Gabe knew which case was foremost in Jack's mind and the reasons behind his silence. He felt the same way. A strange sense of urgency—part experience, part instinct he couldn't quite explain—pushed him toward finding out more about Effie Fontaine.

Instinct and unexplained feelings were a poor basis for prioritizing investigations. They still didn't have any real evidence that Amanda Poe had come to harm or hadn't left of her own accord. Pressure from Commissioner Lindsey aside, finding the person, or persons, responsible for three murders should come first.

The stylized buildings on the edge of Chinatown, their sweeping, curved rooflines and bright colors designed to appeal to tourists, came into sight. Chinatown had burnt to the ground after the 1906 quake, leaving the residents homeless and impoverished, and on the verge of losing their place in the city. Some of the illustrious citizens of San Francisco had denied the Chinese survivors access to fresh water or food, content to let them die. Desperate times often brought out the worst in people, but he'd never understood that level of cruelty.

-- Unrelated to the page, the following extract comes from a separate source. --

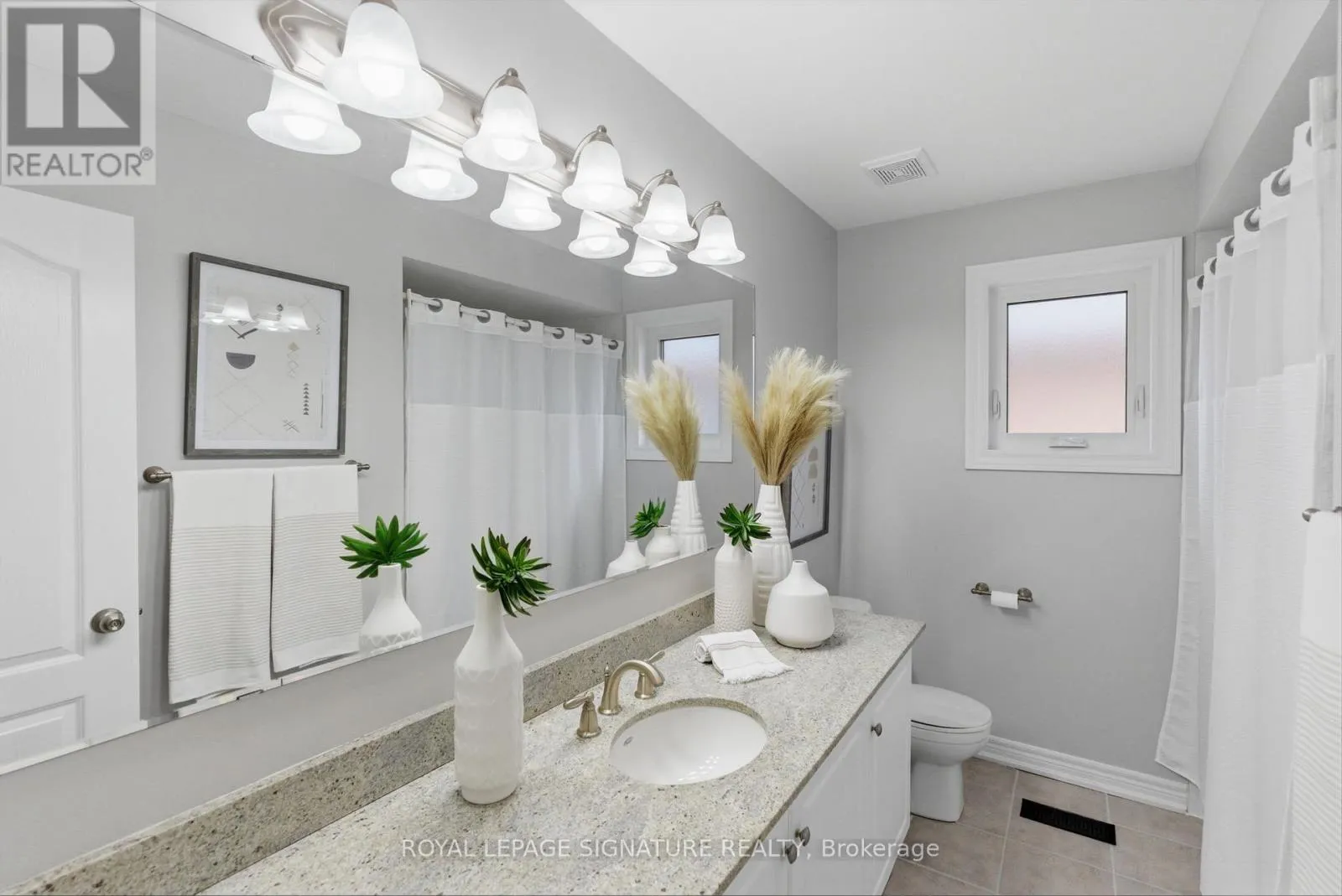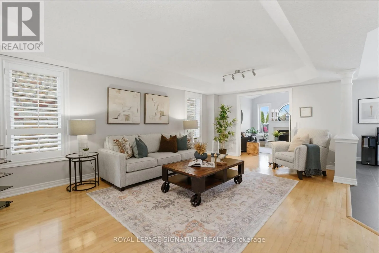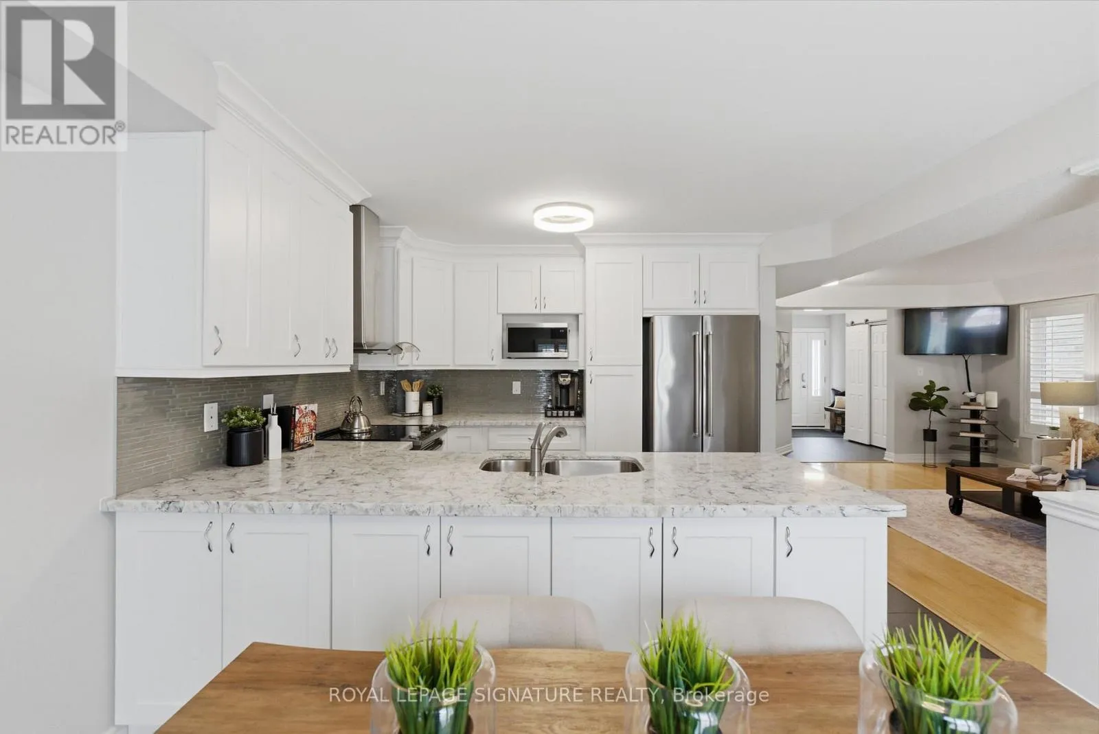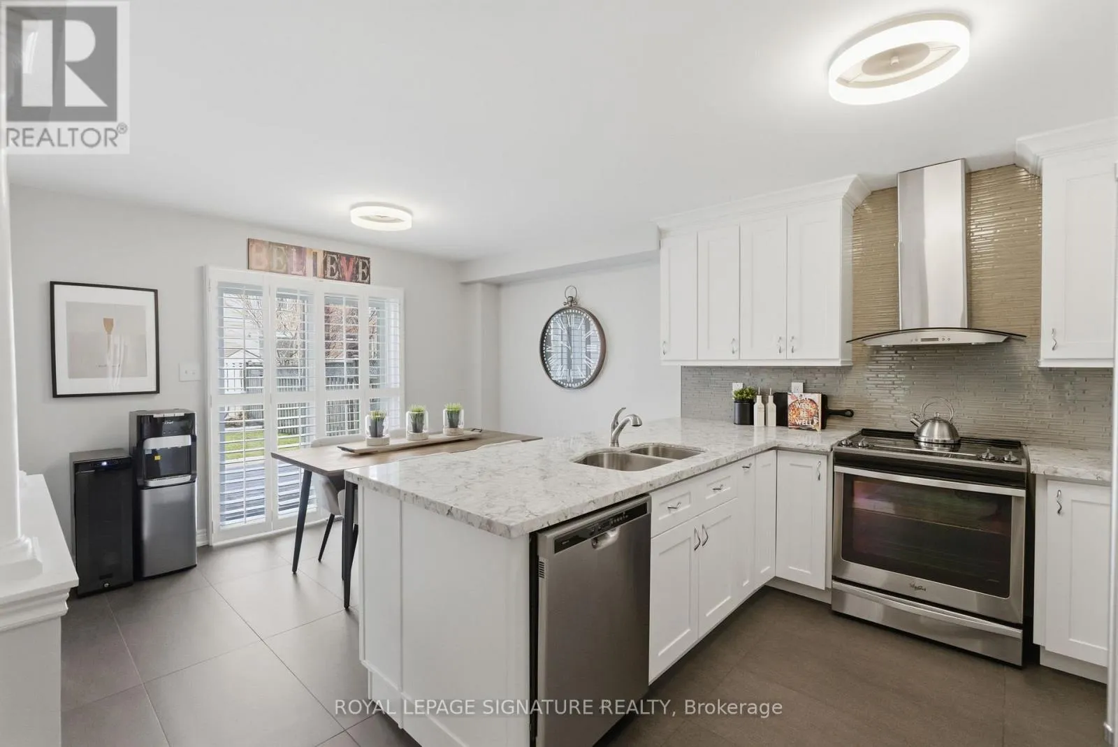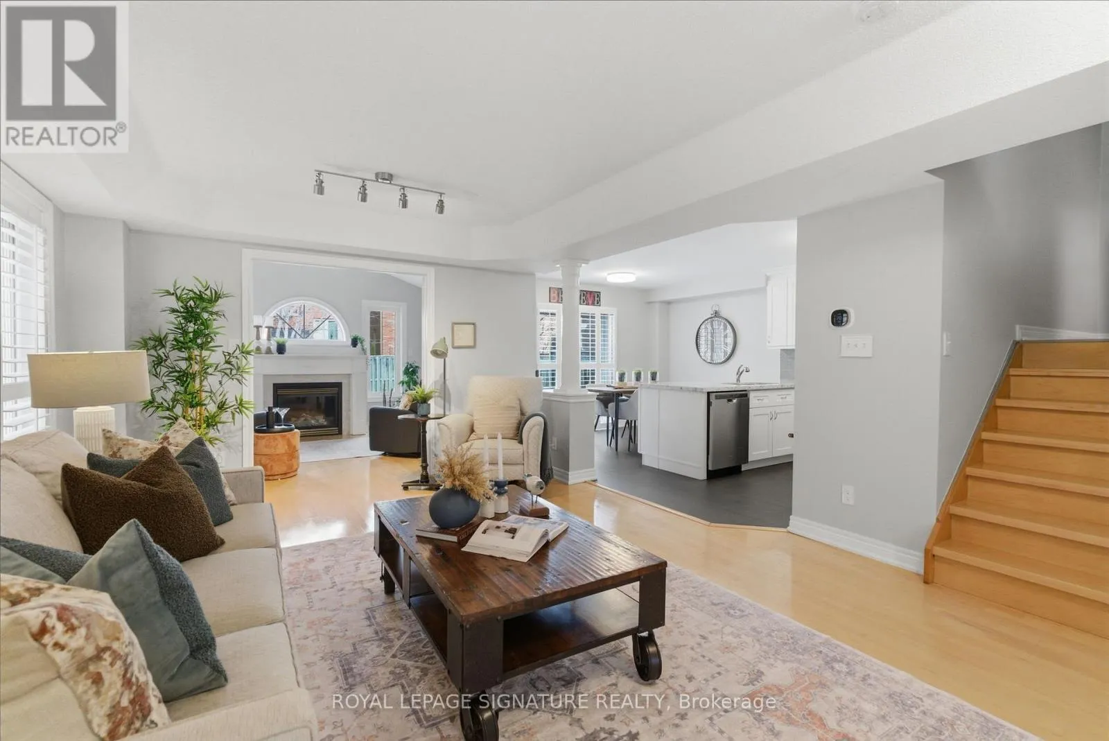 Ravenscroft & Rossland Welcome to a home where pride of ownership is immediately evident and one you'll be proud to call your own. Nestled in the established community of Northwest Ajax, this beautifully maintained residence blends thoughtful upgrades, elevated finishes, and a warm, inviting atmosphere designed for both everyday living and effortless entertaining. From the landscaped entry to the striking front door, the home makes a memorable first impression before you even step inside. Inside, the freshly painted interior features elevated entry tile, hardwood flooring, and a well-designed open-concept layout ideal for modern living. Distinct yet connected spaces offer flexibility for gathering with family, relaxing by the fireplace behind French doors, or stepping out to the private backyard for a quiet morning coffee. The kitchen is thoughtfully designed for both casual meals and entertaining, featuring quartz counters and space to gather comfortably around a table or peninsula counter. Upstairs, the spacious primary suite offers a relaxing retreat complete with a four-piece ensuite featuring a clawfoot soaker tub and a walk-in closet with built-in organizers for efficient storage. Two additional bedrooms provide flexibility for family, guests, or work-from-home needs, including one with access to a second-level balcony offering bright south-facing light and refreshing breezes. The finished basement adds valuable living space, ideal for a recreation room, home office, gym, ormedia area, with potential for additional bedrooms if desired. Outside, the private backyard provides a peaceful setting for summer gatherings or quiet evenings outdoors. Additional highlights include a double-car garage with a rare epoxy floor finish and a two-car driveway.Located in a well-established, mature family-friendly neighborhood close to schools, parks,everyday amenities, and places of worship. (id:27476)

Gabe had heard the stories of tong elders begging to keep their homes, and finally convincing San Francisco's leaders that a rebuilt Chinatown would attract visitors from all over the world, enriching the city's coffers. Greed turned the tide in favor of San Francisco's Chinese residents, not compassion.

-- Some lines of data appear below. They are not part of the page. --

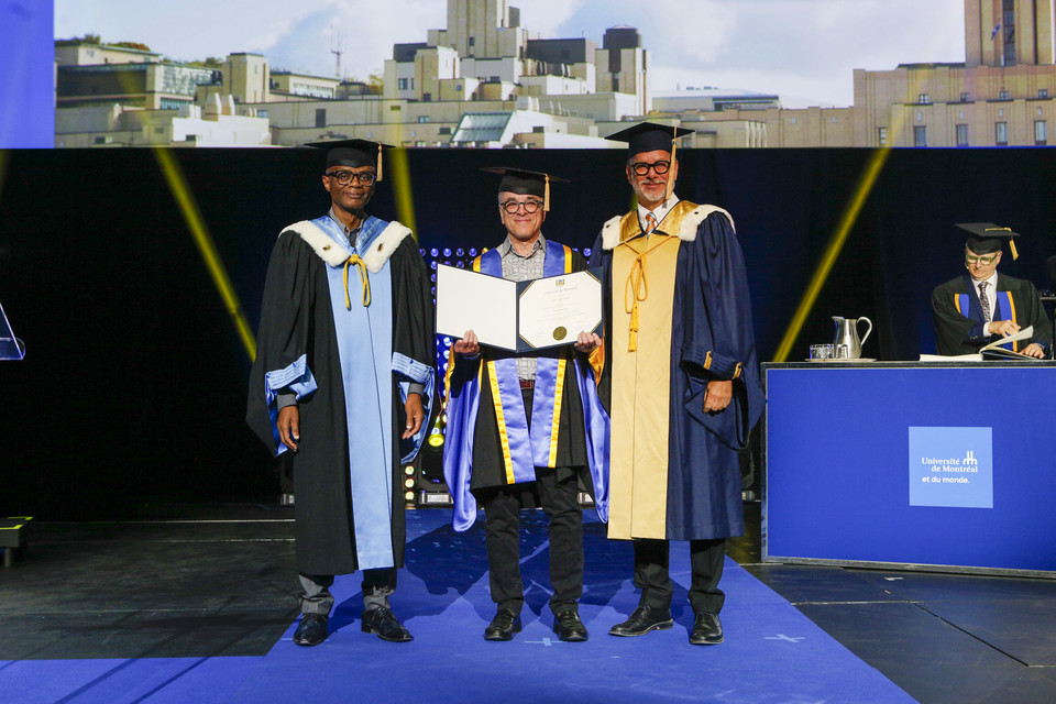 De gauche à droite : Carl-Ardy Dubois, doyen de l'ESPUM, Jean-Louis Denis, et Daniel Jutras, recteur de l'Université de Montréal.
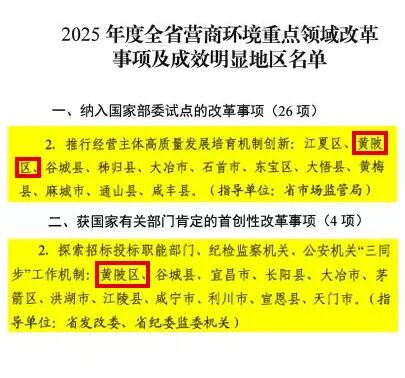 近日,湖北省優(yōu)化營商環(huán)境領(lǐng)導(dǎo)小組對2025年度全省優(yōu)化營商環(huán)境重點領(lǐng)域改革事項及成效明顯地區(qū)進行通報表揚。其中,黃陂政務(wù)服務(wù)領(lǐng)域兩項創(chuàng)新改革納入國家部委試點,獲國家有關(guān)部門肯定,彰顯區(qū)域改革擔(dān)當(dāng)與服務(wù)實力。
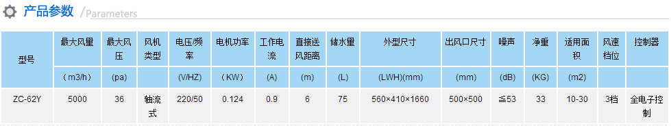 型号:ZC-62Y类别:移动式蒸发冷气机品牌:九洲普惠(科叶)

As they approached Sutter and Grant, his tolerance for delays and snarled traffic evaporated. He slid open the window separating the front and back seats. “Pull over and park, Marshall. We'll walk from here.”

“Yes, Captain.” Henderson pointed. “There's a space right over there.”

He climbed out and slammed the car door, waiting for Jack to come around and join him on the sidewalk. The Sung family tea shop was dead in the center of Grant Street, at the heart of Chinatown. In 1905, still rookies and new on the force, he and Jack spent four months walking a beat in Chinatown. They'd endlessly circled up Stockton and Grant and Pine, avoiding the small alleyways and side streets that were too dangerous for a pair of rookie cops. Staying away from places they didn't belong kept them alive, and in the end, earned them a measure of respect.

Tourists were scarce this early on January mornings, visits from the police even rarer. They were the only white faces on the crowded street and garnered just as many suspicious stares as they had while walking a beat. But the whole point of walking was to be seen, to let the tong and Mr. Sung's family know they were coming. Surprising the family and their tong leader was a bad idea.

Tension knotted between his shoulders as he looked up and down the street. They were being watched, openly, with no attempt to conceal the watchers. Permission from the Sung family tong aside, someone didn't want them here. Gabe slipped his hands into his trouser pockets and worked at looking relaxed. “Stay with the car, Marshall. Keep your eyes and ears open. You have company.”

“Yes, sir. I see them.” Marshall Henderson pulled a battered nickel weekly out of his back pocket and leaned against the front fender. He spent so much time waiting with the car that he'd taken to carrying old copies of
Pluck and Luck
or
Secret Service
with him at all times. Other senior officers weren't so lenient, but Gabe let him read.

They set off walking and hadn't gone more than a few yards when Jack broke his silence. “Tsk, tsk, Captain. What would the commissioner say? Boredom is supposed to be a part of a patrolman's job.”

“My dad always said boredom makes you lose your edge. I'll take his opinion over Lindsey any day. And we both know that Marshall never misses a thing.” He nodded to the gray-haired old woman and the little boy with wide, curious eyes watching them from a doorway. She scowled and hurried the child inside. “Maybe you should try reading, Lieutenant Fitzgerald. Henderson tells me detectives in the weeklies always solve the crime. You might learn something.”

“I read.” Jack sidestepped two men carrying a heavy crate into a curio store. Straw sifted through the rough pine slats, leaving a trail on the sidewalk. “But my taste runs more to
Collier's
or Ring Lardner in
The Saturday Evening Post
. I get my fill of detectives and crime on the job.”